Sadly, the result with advanced optimizations enabled is an empty background.js and all that's in options.js is the following:

var a = chrome.extension.getBackgroundPage().a;
a.c("some-option", 100);
var b = a.b("some-option");
alert(b);

Obviously, with the background page having been stripped, that's not going to run.  We need to tell the closure compiler that there is a linkage between the background page and the options page, as we want the closure compiler to keep the background functions used by the options page, and also to minify optionsPageInterfacegetOption, and setOption  to the same value for both the background and options pages.

The closure compiler documentation recommends using exports via string literals as those are never modified.  However, this suggests switching from simple dot-property notation to subscript-property notation with string literals, and also forgoing minification of property names across the chrome extension client-server boundary.  In our case this would mean assigning to:

window [ "optionsPageInterface" ] = { ...

in background.js and consuming in options.js as:

var opi = chrome.extension.getBackgroundPage()[ "optionsPageInterface" ];

This is more restricted than strictly necessary for a chrome extension, if we can get the closure compiler to use the same minified names in the background page as in the client pages, and also if we're willing to live with a restriction that the whole chrome extension is versioned together.

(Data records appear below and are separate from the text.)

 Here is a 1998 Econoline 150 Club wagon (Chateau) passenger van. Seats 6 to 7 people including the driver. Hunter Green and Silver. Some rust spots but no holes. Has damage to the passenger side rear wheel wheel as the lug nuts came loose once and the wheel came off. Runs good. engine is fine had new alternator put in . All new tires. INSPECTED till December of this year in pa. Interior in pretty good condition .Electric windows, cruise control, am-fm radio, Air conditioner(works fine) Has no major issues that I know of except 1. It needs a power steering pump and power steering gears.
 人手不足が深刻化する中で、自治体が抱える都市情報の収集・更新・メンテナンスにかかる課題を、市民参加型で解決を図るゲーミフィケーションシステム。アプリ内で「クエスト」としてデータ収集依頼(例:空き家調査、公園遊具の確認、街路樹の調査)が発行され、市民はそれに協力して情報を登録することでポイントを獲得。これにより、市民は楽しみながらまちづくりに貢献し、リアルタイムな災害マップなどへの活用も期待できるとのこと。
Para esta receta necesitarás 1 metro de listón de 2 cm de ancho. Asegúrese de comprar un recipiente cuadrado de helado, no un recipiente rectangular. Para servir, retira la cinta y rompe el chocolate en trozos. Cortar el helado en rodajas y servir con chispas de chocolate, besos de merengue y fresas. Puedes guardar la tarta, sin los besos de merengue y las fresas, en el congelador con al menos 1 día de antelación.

Changes for use with the Closure Compiler

Simply change the declaration of the global interface variable and assignment to it, into a window member assignment instead:

background.js:

const _options = {};

window.optionsPageInterface = { /***was var optionsPageInterface = {***/
getOption ( name ) {
return _options [ name ];
},
setOption ( name, value ) {
_options [ name ] = value;
}
};

For good measure, I also wrap the code in options.js in an anonymous function closure.  It doesn't have any exports, so that keeps all its variables out of the global namespace and from interfering unnecessarily with the global level variables in the background page during the minification process.

options.js:

(function () {
var opi = chrome.extension.getBackgroundPage().optionsPageInterface;

opi.setOption ( "some-option", 100 );
var someOptionValue = opi.getOption ( "some-option" );
alert ( someOptionValue );
})();

Run thru the closure compiler, these files generate the following background.js and options.js:

background.js (minified, with advanced optimizations)

var b = {};
window.a = {b:function(a) {
  return b[a];
}, c:function(a, d) {
  b[a] = d;
}};

options.js (minified, with advanced optimizations)

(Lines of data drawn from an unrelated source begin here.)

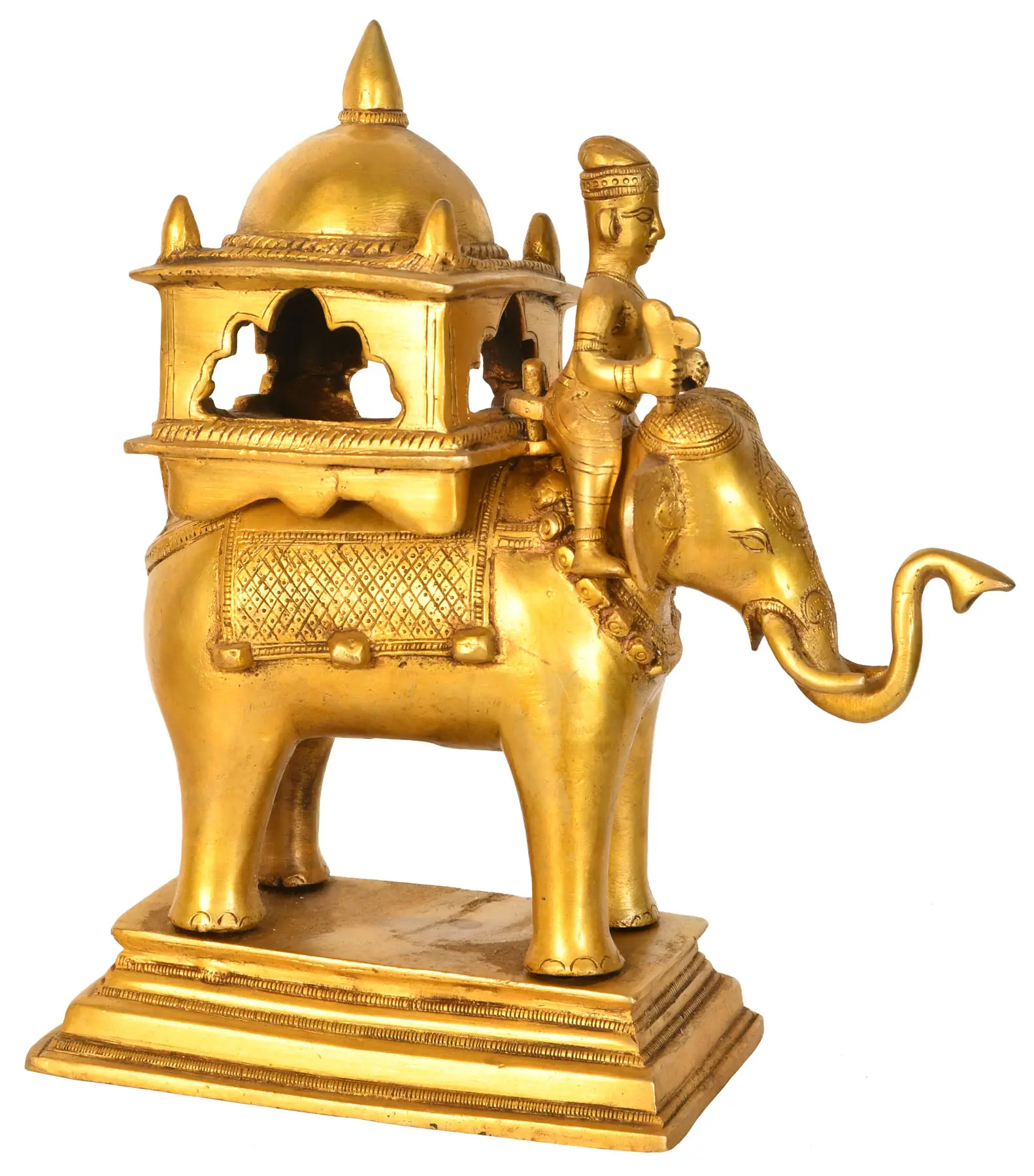 This Brass Elephant Palki of a King evokes the grandeur of regal processions with its stunning portrayal. This brass statue captures the essence of opulence as an elephant majestically carries a palki, embodying the regal conveyance of kings and queens. The attention to detail is evident in the presence of a Mahaut skillfully guiding the elephant, adding a touch of realism to the scene.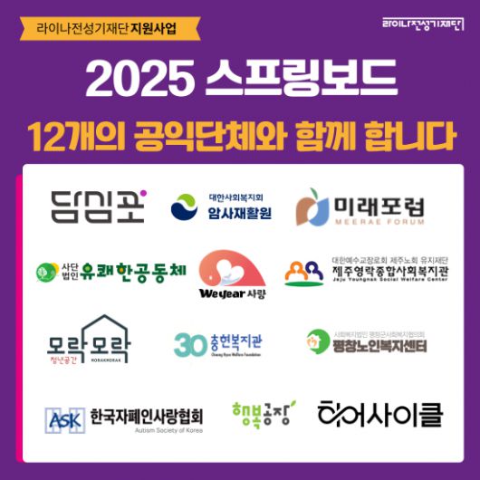 라이나전성기재단은 지난 4월 '2025년 스프링보드 지원사업' 공고를 통해 지원대상을 모집했다. 스프링보드는 '50+세대'와 돌봄 종사자와 소외계층의 사회적 고립을 해결하고 삶의 질을 향상하는 프로그램과 사업 아이디어를 보유한 단체를 모집하고 자금을 지원하는 사업이다.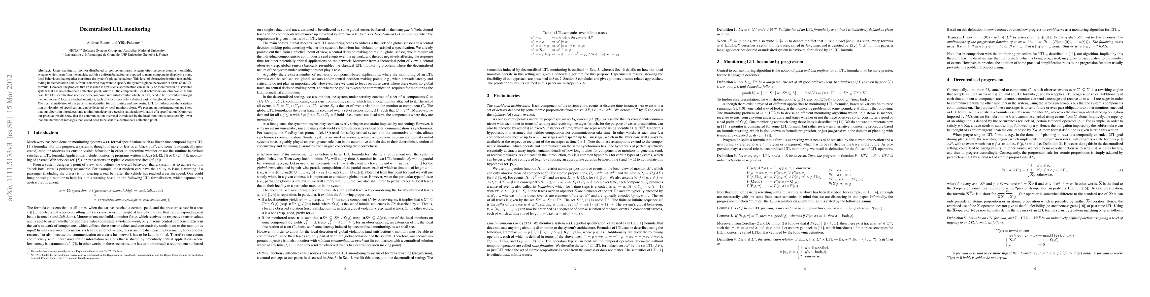 Users wanting to monitor distributed or component-based systems often perceive them as monolithic systems which, seen from the outside, exhibit a uniform behaviour as opposed to many components displaying many local behaviours that together constitute the system's global behaviour. This level of abstraction is often reasonable, hiding implementation details from users who may want to specify the system's global behaviour in terms of an LTL formula. However, the problem that arises then is how such a specification can actually be monitored in a distributed system that has no central data collection point, where all the components' local behaviours are observable. In this case, the LTL specification needs to be decomposed into sub-formulae which, in turn, need to be distributed amongst the components' locally attached monitors, each of which sees only a distinct part of the global behaviour. The main contribution of this paper is an algorithm for distributing and monitoring LTL formulae, such that satisfac- tion or violation of specifications can be detected by local monitors alone. We present an implementation and show that our algorithm introduces only a minimum delay in detecting satisfaction/violation of a specification. Moreover, our practical results show that the communication overhead introduced by the local monitors is considerably lower than the number of messages that would need to be sent to a central data collection point.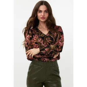 EsQualo Blouse V-neck Global Flower Print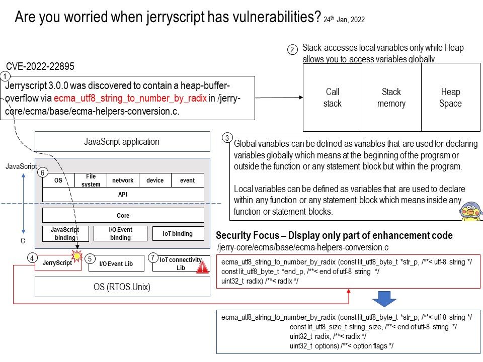See whether the attached diagram give you a quick idea of the vulnerability? Also, some vulnerabilities were found in jerryscript. See below for details:

var c = chrome.extension.getBackgroundPage().a;
c.c("some-option", 100);
alert(c.b("some-option"));

As you can see the closure compiler has minified even the property named  optionsPageInterface and is using the same name on both the client pages and the background page.

I have tested this on a fairly large chrome extension with multiple client UI pages.

Even though components of my chrome extension communicate internally with each other using minified names, that is fine with me because the only consumers of the background page-provided APIs are all versioned together with the provider -- in other words, the background is really providing an internal-only API for the client pages.  The same is also true for uses of sendMessage(), as the closure compiler is able to minify names shared between client UI pages and the background page.

You may likely still need to use subscript-property notation with string literals for any property names / members that escape the extension, for example, query parameters.

I also found -- and fixed in my copy -- a bug of incompleteness in the declaration of chrome.windows.* (from chrome_extensions.js) which made the closure compiler fail to recognize when some property names should not have been minified under advanced optimizations.  See issue closure-compiler issue 1961 at github.